The data is right there in front of our faces. Even if they wanted to be data-driven, 72% of Americans are telling them the government works for elites. 68% say the economy is rigged for the wealthy. But they ignore it because it’s complicated. It’s hard. It’s difficult. It’s going to take a lot of work. It’s going to take a lot of messaging. It’s going to take a lot of talking to people, building trust.

It ain’t going to be easy. But change isn’t easy. Averting authoritarianism isn’t easy. Reversing this decline, this tide, will not be easy. That’s a fact.

I’m 45, and ever since the Clinton years—as long as I can remember—the Democratic Party has tried to emulate the Republican Party but usually one cycle too late. Always playing catch-up, always trying to figure out who they need to throw under the bus next.

The Democrats enabled Trump’s rise and if we don’t take the party over they’ll enable the next authoritarian too. The path to victory is through vision and acceptance of failure. Democrats need the, “Yeah, we fucked up moment.”

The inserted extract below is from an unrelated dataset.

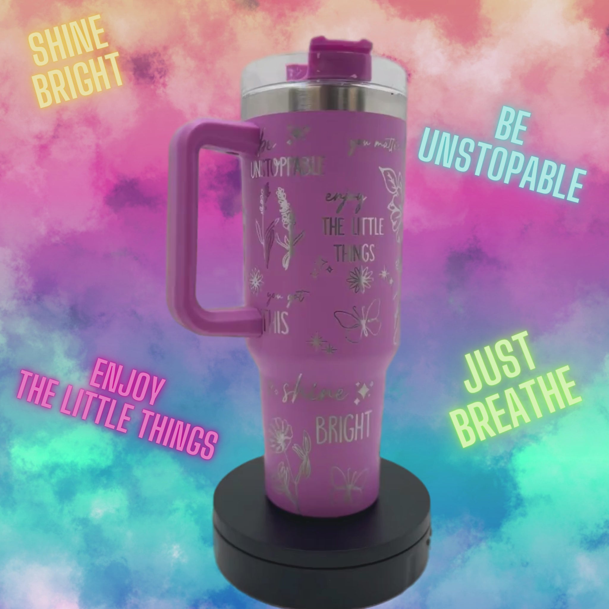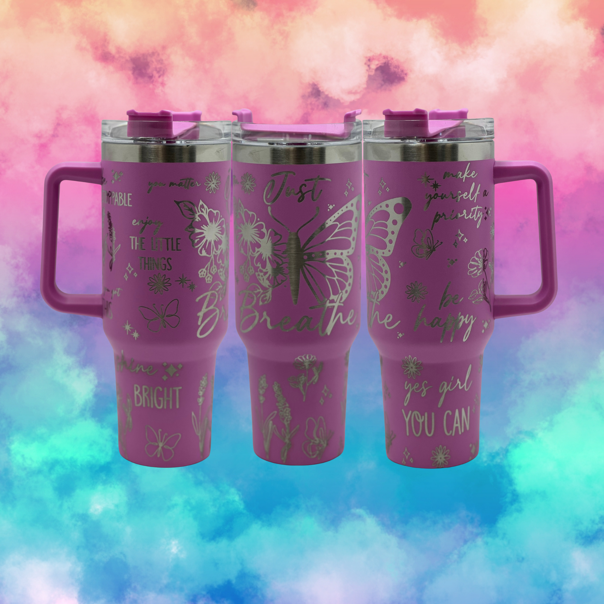 Keep your drinks cold (or hot!) in this adorable purple Just Breath Butterfly 40oz Tumbler. With laser engraved inspirational phrases and a butterfly & floral design, this tumbler is perfect for staying hydrated and motivated on the go. Fill it up and take on the day, girl!
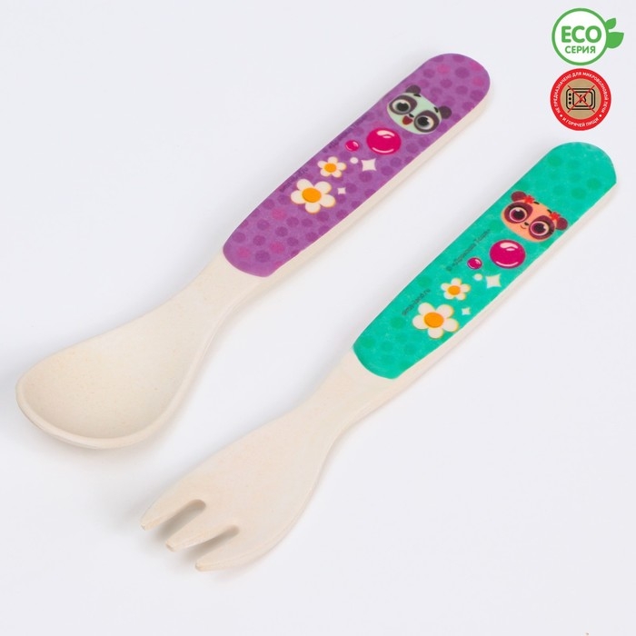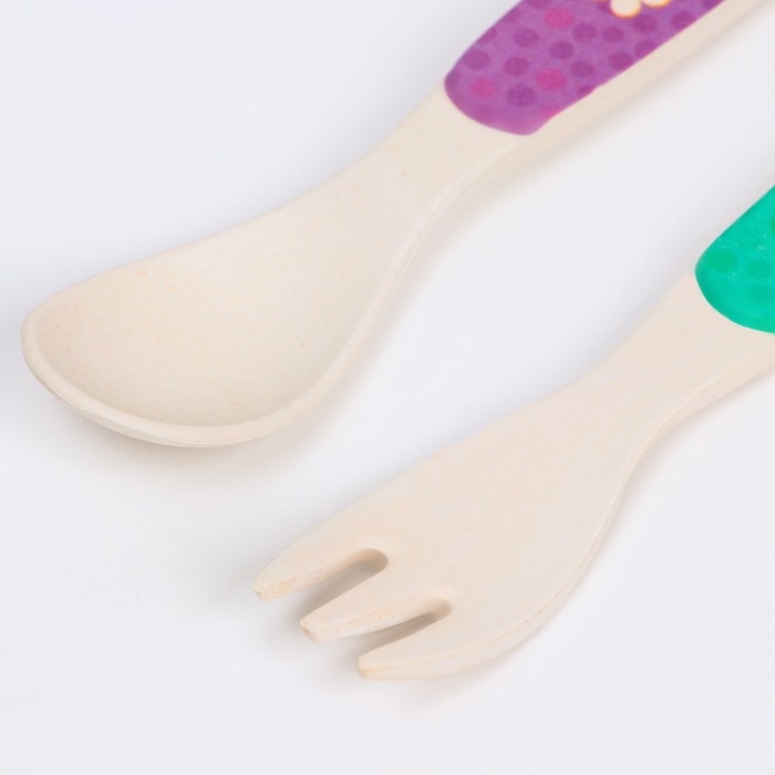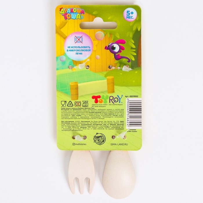 Набор детских столовых приборов из бамбука: вилка и ложка Дракоша Тоша

When we recognize the pain and the severity of the failure, we will see the scale of the solutions. We will see we are in a revolutionary moment that demands revolutionary response. Rebuild our public capacity. Discipline capital when it extracts. Build housing again. Manufacture again. Create public healthcare systems that compete with and break private monopolies. Restore the compact: the market serves the public, not the other way around.

This system is hell-bent on continuing its ride of inertia over our economic and social lives. Hell-bent on continuing to destroy our cities until they’re worth rebuilding as riverfront property for the wealthy.

And it’s people like Adam Jettleson, organizations like the Searchlight Institute and others, who have led this country down the wrong road for the majority of my life.

They will not stop this authoritarian slide. It will end when a real alternative to the system that’s crushing people’s lives is offered—one as radical as the moment demands.

Either we build an Arsenal of Democracy, or we’ll keep building an arsenal for the next authoritarian.